Question

Find the derivative of $y = \dfrac{{\ln 2x}}{{{e^{2x}} + 2}}$.

Answer 1

The given function is a fraction. So we can use quotient rules for finding derivatives. For that, we have to find the derivative of the numerator and denominator separately. Then substituting and simplifying we get the answer.

Formula used: Quotient rule for finding derivatives:
For a function $y = \dfrac{{f(x)}}{{g(x)}}$, $\dfrac{{dy}}{{dx}} = \dfrac{{g(x)f'(x) - f(x)g'(x)}}{{{{(g(x))}^2}}}$
Where $f'(x),g'(x)$ denotes the derivatives of the functions $f(x),g(x)$.
$\dfrac{{d(\ln x)}}{{dx}} = \dfrac{1}{x}$
$\dfrac{{d{e^x}}}{{dx}} = {e^x}$
Chain rule: To find the derivative of composite functions.
Let $y = f(g(x))$, $\dfrac{{dy}}{{dx}} = f'(x)g(x) \cdot g'(x)$

Complete step-by-step answer:
The given function is $y = \dfrac{{\ln 2x}}{{{e^{2x}} + 2}}$
We can see the function is the quotient of two functions $\ln 2x$ and ${e^{2x}} + 2$.
We need to find its derivative.
For a function, $y = \dfrac{{f(x)}}{{g(x)}}$, $\dfrac{{dy}}{{dx}} = \dfrac{{g(x)f'(x) - f(x)g'(x)}}{{{{(g(x))}^2}}}$ (quotient rule of derivatives)
Where $f'(x),g'(x)$ denotes the derivatives of the functions $f(x),g(x)$.
So here we have $f(x) = \ln 2x$ and $g(x) = {e^{2x}} + 2$.
For, $y = f(g(x))$, $\dfrac{{dy}}{{dx}} = f'(x)g(x) \cdot g'(x)$
So here we have,
$f'(x) = \dfrac{1}{{2x}} \times 2 = \dfrac{1}{x}$ and $g(x) = {e^{2x}} \times 2 = 2{e^{2x}}$
Since $\dfrac{{d(\ln x)}}{{dx}} = \dfrac{1}{x}$ and $\dfrac{{d{e^x}}}{{dx}} = {e^x}$
Substituting we have,
$\dfrac{{dy}}{{dx}} = \dfrac{{({e^{2x}} + 2) \times \dfrac{1}{x} - (\ln 2x) \times 2{e^{2x}}}}{{{{({e^{2x}} + 2)}^2}}}$
$\Rightarrow \dfrac{{dy}}{{dx}} = \dfrac{{\dfrac{{{e^{2x}}}}{x} + \dfrac{2}{x} - 2{e^{2x}}\ln 2x}}{{{{({e^{2x}} + 2)}^2}}}$

Therefore, derivative of the given function is $\dfrac{{\dfrac{{{e^{2x}}}}{x} + \dfrac{2}{x} - 2{e^{2x}}\ln 2x}}{{{{({e^{2x}} + 2)}^2}}}$.
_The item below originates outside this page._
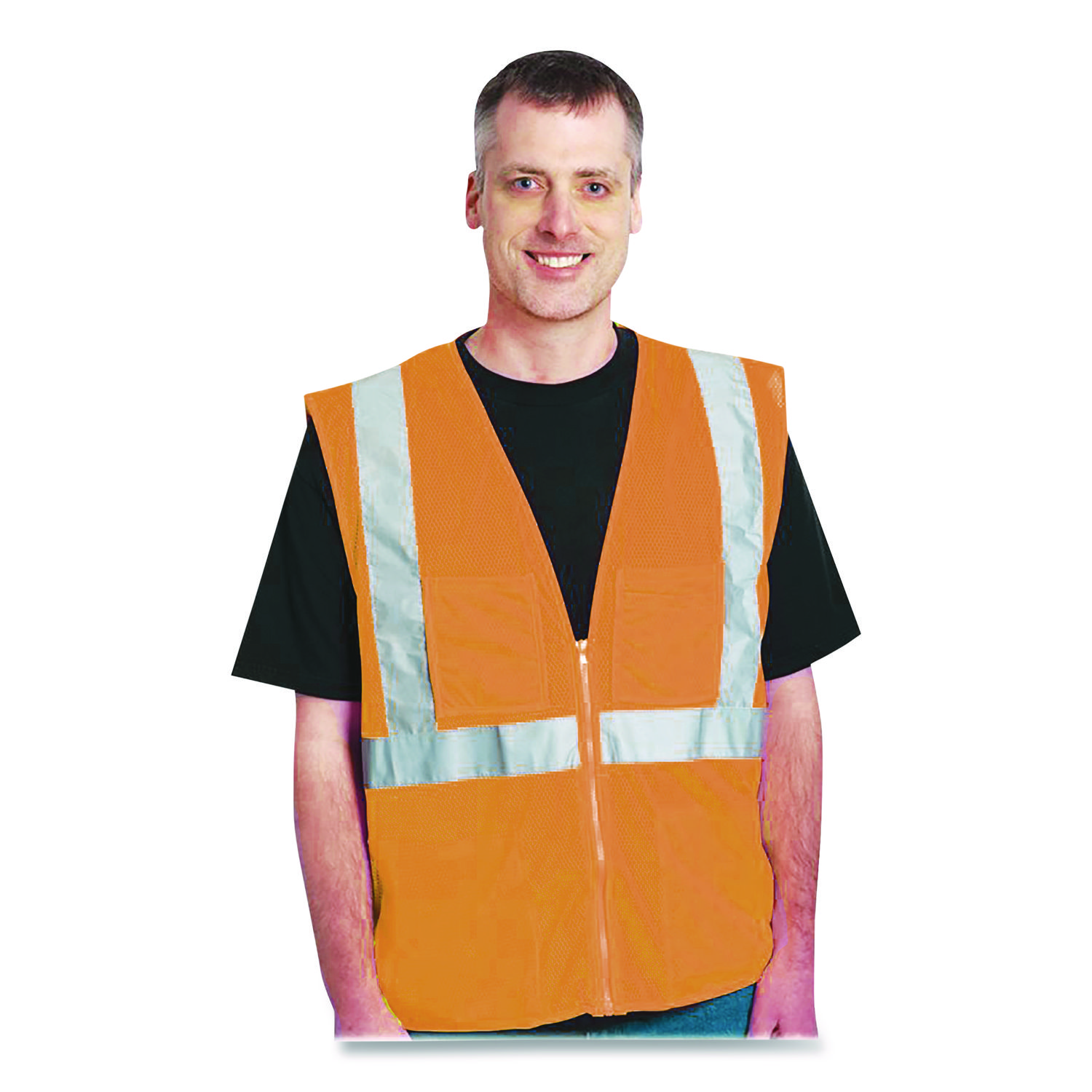 ANSI Class 2 Two-Pocket Zipper Mesh Safety Vest, Polyester Mesh, X-Large, Orange
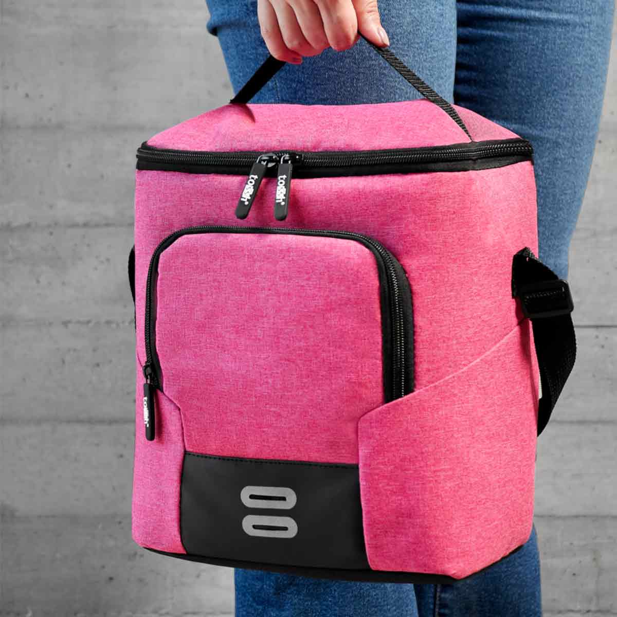 • Asa de transporte superior y correa ajustable para hombro

Note: Like the quotient rule, we have other rules for finding the derivative.
(i) Product rule: To find the derivative of a product of two functions $f(x)$ and $g(x)$
Let $y = f(x)g(x)$, $\dfrac{{dy}}{{dx}} = f(x)g'(x) + g(x)f'(x)$
(ii) Chain rule: To find the derivative of composite functions.
Let $y = f(g(x))$, $\dfrac{{dy}}{{dx}} = f'(x)g(x) \cdot g'(x)$
$\ln x$ represents the natural logarithm or logarithm to the base of the mathematical constant $e$. If considered as a real valued function, it is the inverse function of the exponential function.